Noé a six cents ans lorsque le déluge commence. Les eaux jaillissent des sources du grand abîme et les écluses du ciel s'ouvrent simultanément, selon une expression qui évoque le renversement de l'ordre créé en Genèse 1. Ce n'est pas une simple catastrophe naturelle : c'est un acte souverain de Dieu qui défait provisoirement sa création pour la renouveler.
Le chapitre insiste avec une précision quasi juridique sur les dates, les nombres et les catégories d'êtres vivants. Cette précision n'est pas ornementale : elle atteste l'historicité de l'événement et la fidélité exacte de Dieu à sa parole.
Leçons pour aujourd'hui
1. L'appel de Dieu précède toujours le jugement
« L'Éternel dit à Noé : Entre dans l'arche, toi et toute ta maison. » (Genèse 7.1)
Avant que le déluge commence, Dieu appelle. Il ne frappe pas sans avertir ; il ne juge pas sans avoir ouvert une porte. Pendant cent vingt ans, Noé avait prêché (2 Pierre 2.5) et l'arche avait été visible de tous. La grâce précède le jugement : c'est un principe constant de l'Écriture. Aujourd'hui encore, l'Évangile retentit avant le jugement dernier. Ceux qui périssent ne périssent pas parce qu'ils n'ont pas été appelés, mais parce qu'ils n'ont pas répondu.
2. La fermeture de la porte est un acte de Dieu
« L'Éternel ferma la porte sur Noé. » (Genèse 7.16)
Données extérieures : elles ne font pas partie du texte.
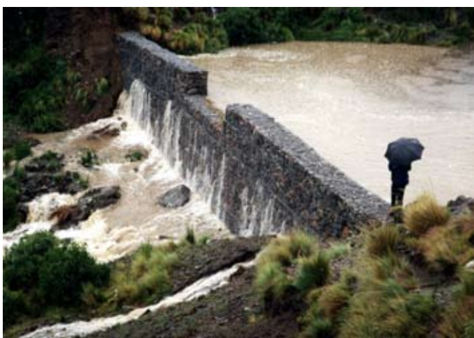
Figura 2 – Barragem construída com gabiões.
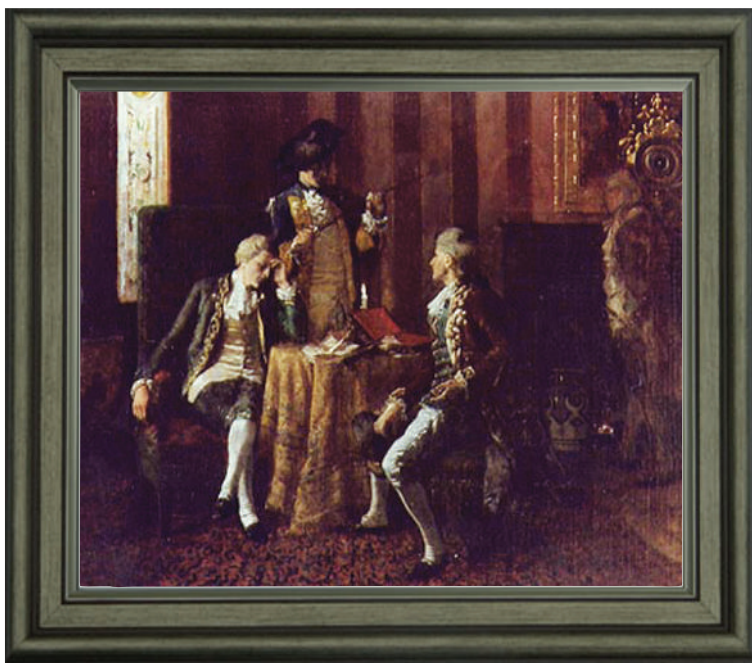
» Gieryski, Aleksander (1850-1901) "Przed pojedyńkiem", Olej na płótnie, sygnowany i datowany, 1870, 44x57.5cm.

Ce verset est d'une solennité absolue. Ce n'est pas Noé qui ferme la porte : c'est Dieu. Ceux qui étaient dehors n'avaient plus aucune issue. Il viendra un jour où la porte de la grâce sera fermée définitivement, non par un homme, mais par la main de Dieu lui-même. John MacArthur écrivait : « Il y a un moment où Dieu cesse de s'offrir, non par manque de miséricorde, mais parce que le temps a été épuisé. » Cette vérité doit produire en nous une urgence réelle pour l'Évangile.
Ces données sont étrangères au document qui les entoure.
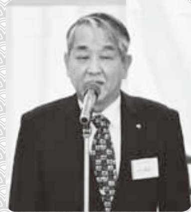
◇市川法人会長の挨拶
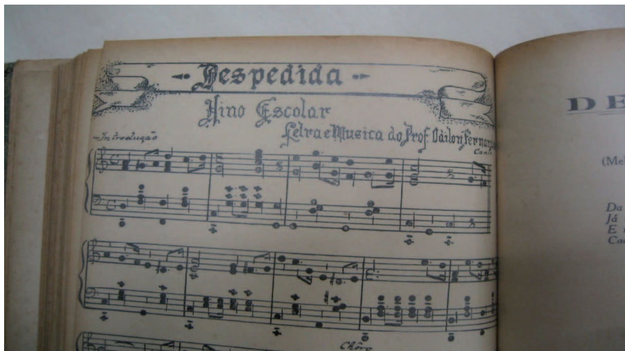
Figura 1 - Publicação da partitura musical Despedida

Odilon Fernandes, professor catedrático da disciplina de História das Civilizações do Instituto de Educação, também compôs um hino escolar para despedida dos formandos do Curso Normal, para que os alunos cantassem na sua festa de graduação (Figura 1).

3. Le salut est pour la maison, pas seulement pour l'individu
« Entre dans l'arche, toi et toute ta maison. » (Genèse 7.1)
Dieu sauve Noé, et avec lui toute sa famille. Ce principe de solidarité familiale traverse toute l'Écriture : Rahab et sa maison (Josué 6.25), le geôlier de Philippes et sa maison (Actes 16.31). Cela ne signifie pas que la foi d'un parent sauve mécaniquement ses enfants, mais que la fidélité d'un croyant crée un environnement où la grâce peut agir. La responsabilité des parents envers l'âme de leurs enfants est ici inscrite dans la pierre.
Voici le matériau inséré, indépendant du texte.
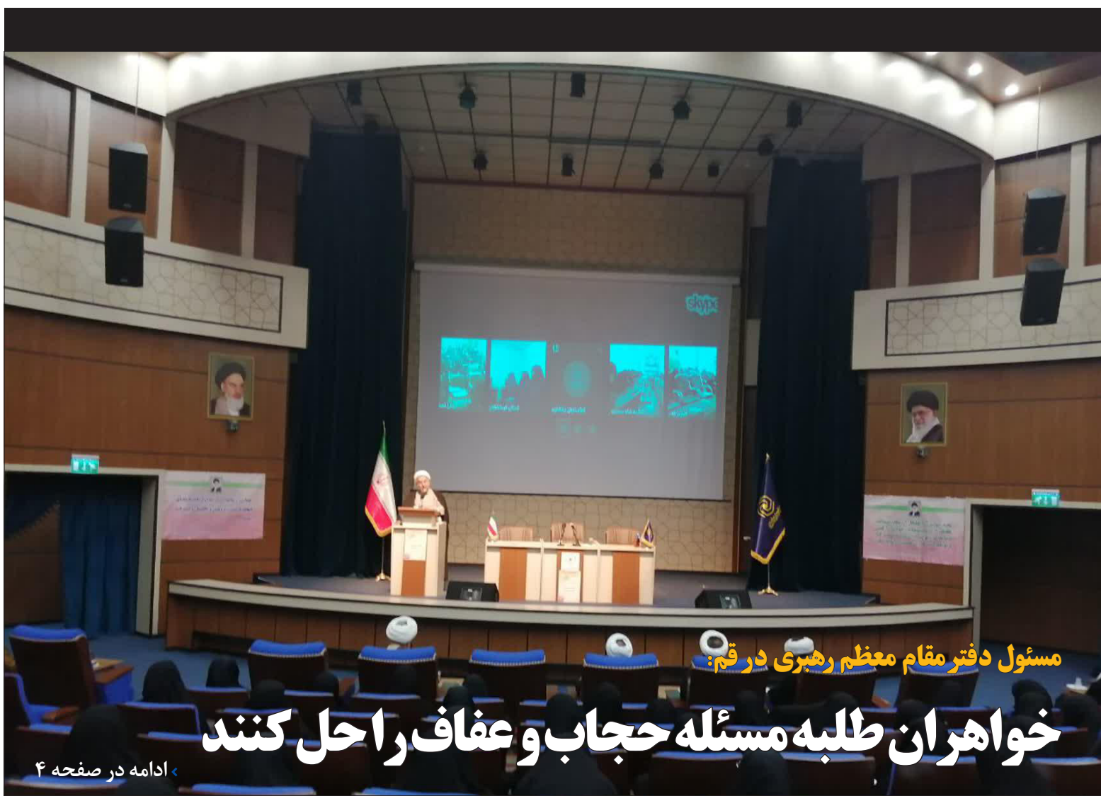
مسئول دفتر مقام معظم رهبری در قم:

4. Le jugement de Dieu est total et sans exception
« Tout ce qui avait le souffle de vie dans les narines, tout ce qui était sur la terre ferme, mourut. » (Genèse 7.22)
Aucun être humain hors de l'arche ne survécut. Le jugement fut universel, sans exception de rang, d'intelligence ou de mérite humain. Cela remet à sa juste place toute prétention humaine à mériter la grâce de Dieu. Ce qui a sauvé Noé, ce n'est pas sa vertu propre : c'est l'arche. Ce qui nous sauve aujourd'hui, ce n'est pas notre piété : c'est Christ seul.
Conclusion
Genèse 7 est une image du salut par substitution : à l'intérieur de l'arche, la mort ne peut atteindre ; à l'extérieur, rien ne résiste au jugement. L'arche de Noé n'est qu'une ombre ; le vrai refuge est Jésus-Christ, en qui seul nous sommes mis à l'abri de la colère à venir (1 Thessaloniciens 1.10). Gloire à Dieu qui, dans sa souveraineté, ferme la porte sur les siens pour les protéger éternellement.